Letter to the Editor: Chancellor May: ICA’s alleged violation of student fee initiatives


To the Editor:

Re “Dear Chancellor May — It’s time for ICA to stop playing games with student fees” by Paul Medved (guest opinion, Jan. 30):


I’m a big fan of UC Davis athletics and proud of our student-athletes’ stellar performance, both on the field and in the classroom. Intercollegiate athletics is where we interact most with the public, galvanize our alumni and supporters and burnish our reputation.

Sometimes misconceptions arise that threaten to tarnish our great reputation. When that happens, I need to respond.

A recent guest opinion suggests that our intercollegiate athletics program violates the student fee initiatives that help support it. The piece indicates that the university violated these initiatives when it cut four sports teams in 2010, during the Great Recession, and then mishandled $3 million in student fee revenue.

These are old claims. Missing from the piece is the crucial fact that two well-publicized, independent reviews found these allegations unsupportable. A 2011 investigation of the sports cuts found no misconduct, and a 2016 investigation found no policy violation or management concerns related to use of student initiative fee revenue.

The piece also misrepresented the university’s commitment to Title IX, the federal law that prohibits gender discrimination in schools that receive public funds.  

Every year between 2008 and 2015, the proportion of women and men in our intercollegiate athletics program has closely matched that of our undergraduate population, thus meeting the “substantial proportionality” test of the Title IX athletics regulations.
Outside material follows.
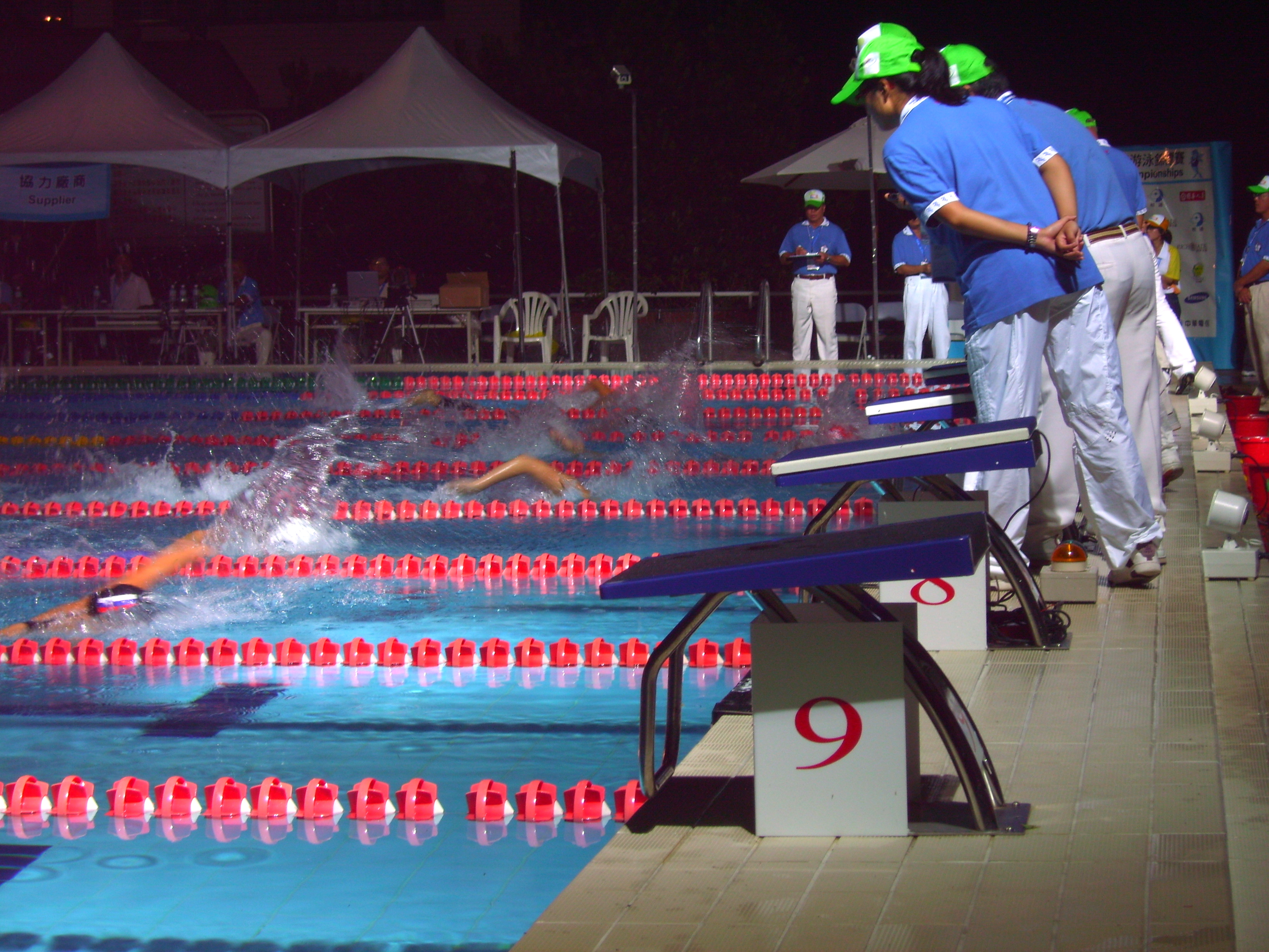 2007 World Deaf Swimming Championships: Extra Match of Women 50m Freestyle.

In the recent years, however, the proportion of women in the undergraduate population has risen significantly, from 55 percent in 2012 to 59 percent today.

To adjust for this demographic change, we will add a new varsity women’s team in the 2018-19 academic year. I am excited about this opportunity. The decision on which team to add is still pending. We have a set of FAQs online that details the selection process.

Finally, the piece claims that UC Davis spends more on administering intercollegiate athletics than two of its rival schools combined. I am not sure where this information is derived, but it sure appears to be comparing apples and oranges.

At UC Davis, all of the compliance activity and academic advising for student-athletes is charged on the intercollegiate athletics budget, while many other universities cover these services in their student affairs budget. Our administrative costs encompass far more than administrators’ pay. More than half are for student-athlete services, including sports medicine, academic advising and strength/conditioning training and coaching.

UC Davis has thoroughly addressed and moved beyond the years-old claims revisited in the letter. We are operating in a new era with new leadership, and I have complete confidence in the leaders of our intercollegiate athletics program. They tirelessly support our student-athletes, provide great entertainment for our community and work closely with student leaders to address concerns.

Go Ags!


Gary May is the chancellor of UC Davis.